Does 18 U.S.C. Section 3501 supplant Supreme Court precedent and make admissible voluntary confessions that are taken more than six hours after arrest and before that person has been presented before judicial officers?
Media for Corley v. United StatesAudio Transcription for Oral Argument - January 21, 2009 in Corley v. United States
Audio Transcription for Opinion Announcement - April 06, 2009 in Corley v. United States
John G. Roberts, Jr.:
Justice Souter has our opinion this morning in case 07-10441, Corley versus United States, which will be announced by Justice Kennedy.
Anthony M. Kennedy:
This case comes to us on writ of certiorari to the United States Court of Appeals for the Third Circuit.
Federal law has long required that when a suspect is arrested on federal charges, the arresting officer bring him before a magistrate judge as soon as reasonably possible.
In two cases, McNabb versus United States and Mallory versus United States, this Court has held that if arresting officers violate this law, any confession the suspect may give during the unreasonable delay is excluded from evidence and this is known as the McNabb-Mallory rule.
In 1968, Congress considered changing the McNabb-Mallory rule as well as overruling our decision in Miranda versus Arizona and it passed 18 U.S.C. Section 3501.
And the question in this case is whether 3501 did a way with McNabb-Mallory altogether or merely limited its application.
The issue arose here because petitioner Corley confessed to a bank robbery nine and a half hours after his arrest but before being brought before a magistrate.
The Third Circuit held his confession admissible concluding that Section 3501 eliminated McNabb-Mallory entirely, we disagreed.
Section 3501 is not a model of clarity.
Section 3501(a) says that any voluntary confession is admissible in evidence.

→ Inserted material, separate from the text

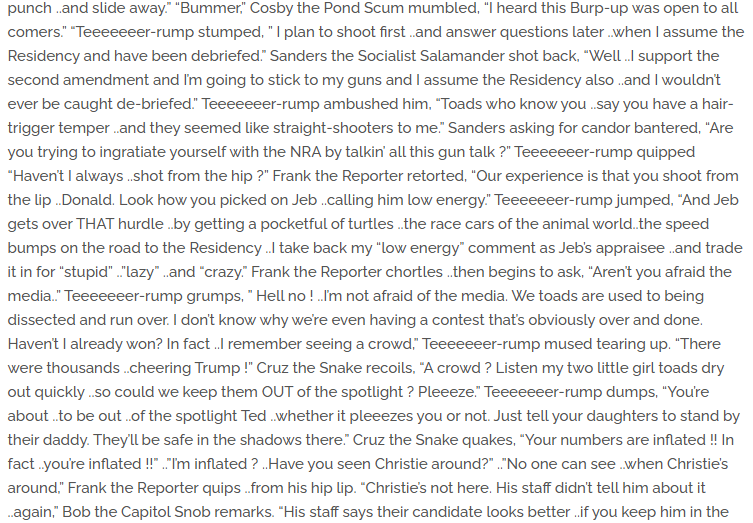 and an incoherent political rant that runs over 1,600 words:

But subsection 3501(c) says that no confession shall be inadmissible solely because of delay unless the delay exceeds six hours.
If subsection (a) meant what it literally said, subsection (c) would be entirely superfluous because (a) would make any voluntary confession admissible regardless of whether they occurred within six hours of the arrest.
Giving (a) its literal scope would also eliminate some rules of evidence as it would make any voluntary confession admissible even if it were, for example, hearsay or protected by attorney-client privilege.
We therefore read subsection (a) as doing nothing more than attempting to overrule Miranda and (c) is limiting McNabb-Mallory to confessions given over six hours after arrest.
Section 3501's legislative history confirms that this is what Congress intended and this reading ensures that the federal requirement of presenting an arrestee to a magistrate promptly retains some teeth.
Now, we vacate and remand so the Third Circuit can apply the proper interpretation of Section 3501.
Justice Alito has filed a dissenting opinion in which the Chief Justice and Justices Scalia and Thomas joined.